Marbled paper by @aetherseer. Design notes under the cut. Fic link in reblogs.
Design notes: The codex design was largely driven by the red and black marbled paper handmade by Æthereal Press and the work's theme of embracing darkness, both the literal darkness of the ocean and space and figurative darkness of what is feared and unknown. Aether generously gave me scraps of the paper I used here for both the cover and endpapers, which reminded me immediately and compellingly of blood in black water, so of course I made an edgy tiny book with it.

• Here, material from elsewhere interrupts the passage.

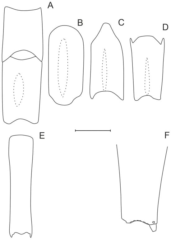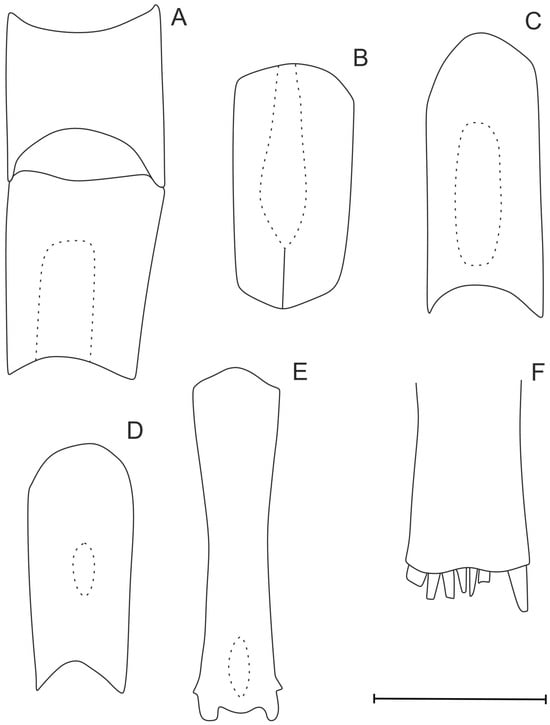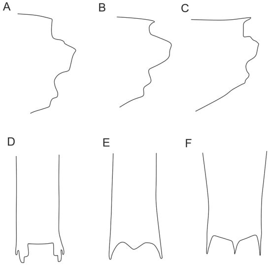Figure 5. Variations in posterodorsal end of sixth pleonic somite. (A) Absence of any protruded structure—lateral view; (B) posterodorsal protrusion—lateral view; (C) posterodorsal tooth—lateral view; (D) absence of any protruded structure—dorsal view; (E) posterodorsal protrusion—dorsal view; (F) posterodorsal tooth—dorsal view.

Some of my friends also gave the opinion the cover looks like stylized wounds, which is again quite appropriate for the fic.
Fun new stuff I tried on this one:
stitched a strip of scrap cloth for faux endbands (looks good)
stenciled title (good try, bad choice of paint)
layered bookcloth design (excellent, much easier than expected)
Octopus illustrations are Octopus macropus (title page) and Octopus vulgaris (epilogue) by Comingio Merculiano in the 1896 monograph Cefalopodi viventi nel Golfo di Napoli (sistematica) by Jatta Guiseppe, accessed via Wikimedia Commons.
Materials: Covers use rayon Italian bookcloth, archival bookboard, marbled paper, cardboard scrap, handmade paper, pH-neutral PVA, machine cut-stencil and acrylic paint. Laser printed text on archival paper; bound with 25/3 linen thread, 100% beeswax, cotton scrap, and cotton cheesecloth mull.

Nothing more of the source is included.